# 1. Introduction

In recent years, computational methods have emerged as indispensable tools in the field of drug discovery, offering unprecedented opportunities to expedite the identification and development of novel therapeutic agents. This project seeks to harness the power of machine learning and computational biology to predict the biological activity of chemical compounds, with a particular focus on targeting the protein Acetylcholinesterase (AChE) and its significance in Alzheimer's disease treatment.

# Objectives and Scope:
The primary objective of this project is to develop predictive models that can accurately forecast the biological activity of compounds targeting AChE. By leveraging machine learning algorithms and molecular descriptors, we aim to identify potential drug candidates with inhibitory activity against AChE, paving the way for the discovery of new treatments for Alzheimer's disease. The scope of the project encompasses data collection, preprocessing, model building, and evaluation, with a focus on translating computational insights into actionable strategies for drug discovery research.
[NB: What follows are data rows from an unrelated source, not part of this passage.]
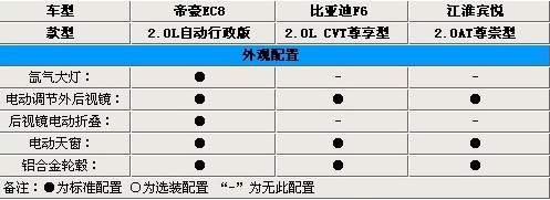 外觀配置方面,帝豪EC8為使用者提供了帶大燈清洗功能氙氣大燈,彰顯奢華氣質(zhì)。像電動(dòng)調(diào)節(jié)后視鏡、電動(dòng)天窗和鋁合金輪轂等基礎(chǔ)型配置,三款車也都給予了提供。不過,比亞迪F6和江淮賓悅為配備電動(dòng)折疊后視鏡,略顯大意。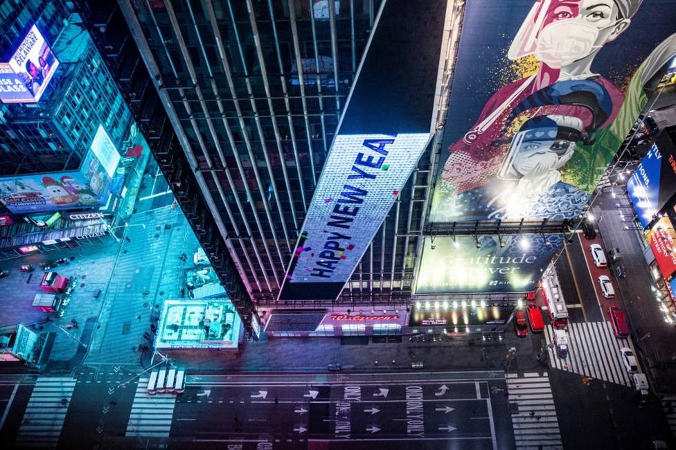 Times Square presenta un escenario poco habitual, donde se ha limitado solo ha celebrar un evento virtual de Nochevieja tras el brote de la enfermedad del coronavirus en el distrito de Manhattan.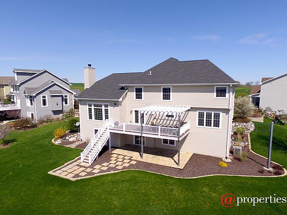 Stunning Panoramic Views of Geneva Lake from this custom built 4BR/2.5BA 2 story home within walking distance to downtown. Located in a quiet cul-de-sac this home features spacious great rm w/vaulted ceiling, FP & floor to ceiling windows overlooking lake, HW, open concept eat-in kit w/breakfast bar & SS appl, dining rm, main level office & family rm. Upper boasts Mstr suite w/ trayed ceiling, WIC & jetted tub/shower & 3 additional larger bedrooms. The walk out lower is ready to be finished. Professionally landscaped. Upper deck & lower patio are perfect spots to enjoy a summer day!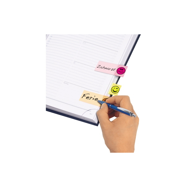 Entdecken Sie die bunten Haftmarker HN502 von Sigel, die ideal für Ihre Organisation und Beschriftung sind. Diese DESIGN-Marker sind aus hochwertigem Papier gefertigt und kommen in den leuchtenden Farben Grün, Gelb, Orange, Blau und Pink. Mit fünf verschiedenen Smiley-Motiven sind sie nicht nur funktional, sondern auch ein echter Hingucker.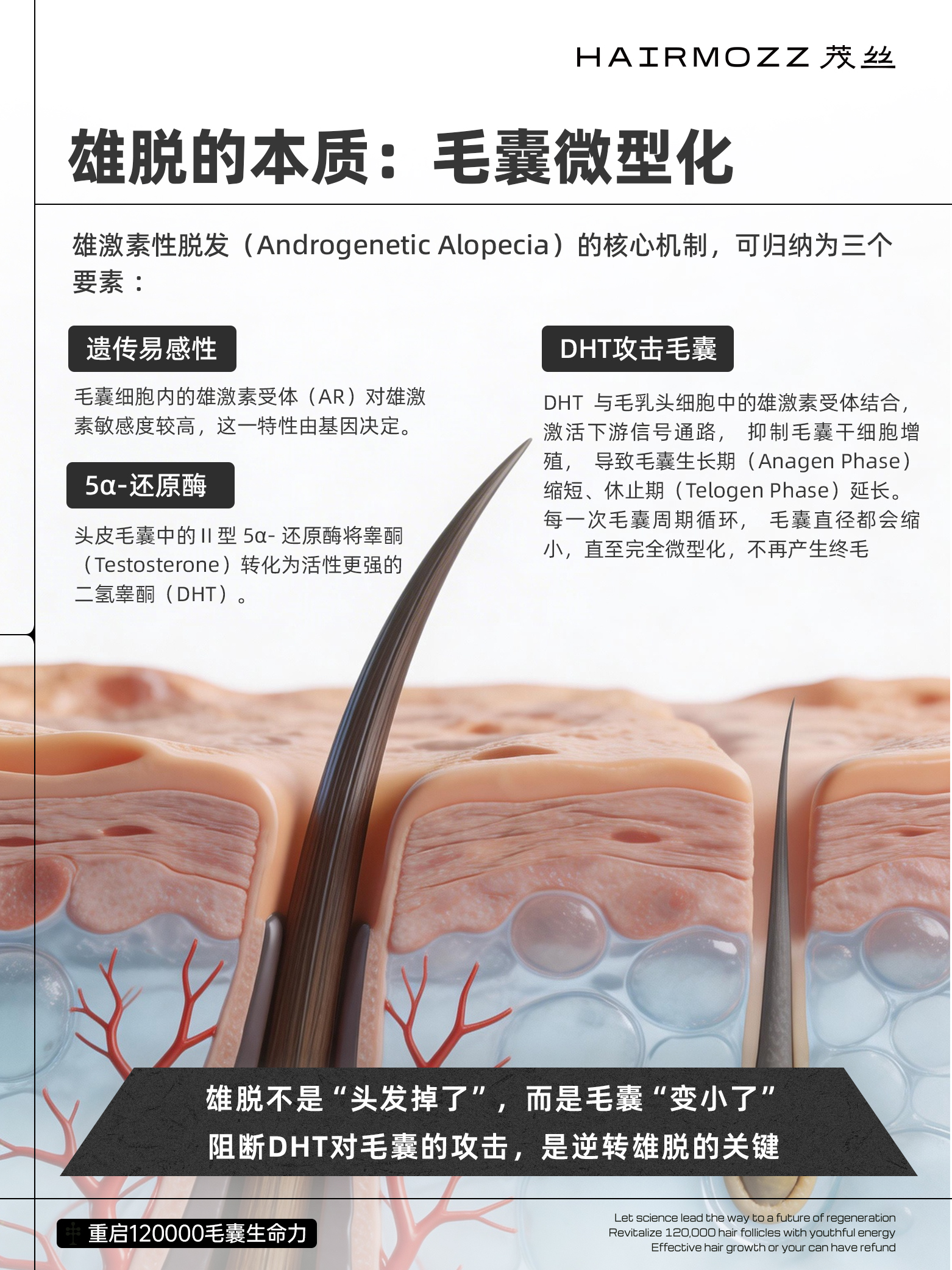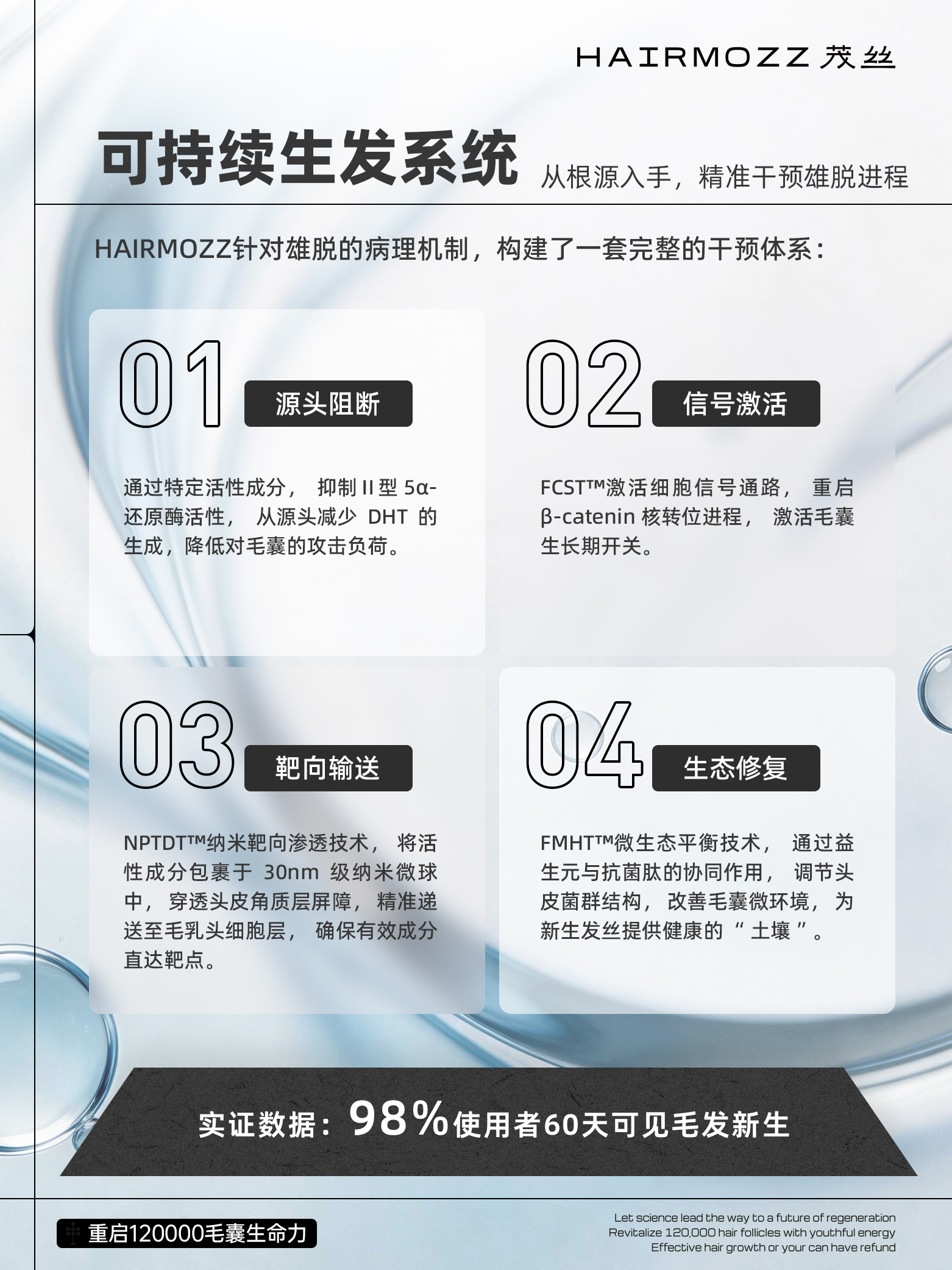 HAIRMOZZ 茂丝立足国际前沿毛囊生物学研究,针对雄激素性脱发的核心机制,构建 “源头调控 — 信号激活 — 靶向递送 — 生态修复” 四维科学体系,以结构性生态位修复 + 受控信号再激活为核心逻辑,实现从根源阻断到毛囊再生的全链条干预。

# Importance of Predicting Biological Activity:
Predicting the biological activity of chemical compounds is a crucial step in the drug discovery process, as it allows researchers to prioritize and prioritize candidate molecules for further experimental validation. AChE, a key enzyme involved in neurotransmission, has been implicated in the pathogenesis of Alzheimer's disease, making it an attractive target for therapeutic intervention. By accurately predicting the biological activity of compounds targeting AChE, we can expedite the drug discovery process, potentially leading to the development of more effective treatments for Alzheimer's disease and other neurological disorders.



In [1]:
# Install the chembl database to access the bio activity data
! pip install chembl_webresource_client

Collecting chembl_webresource_client
  Downloading chembl_webresource_client-0.10.9-py3-none-any.whl (55 kB)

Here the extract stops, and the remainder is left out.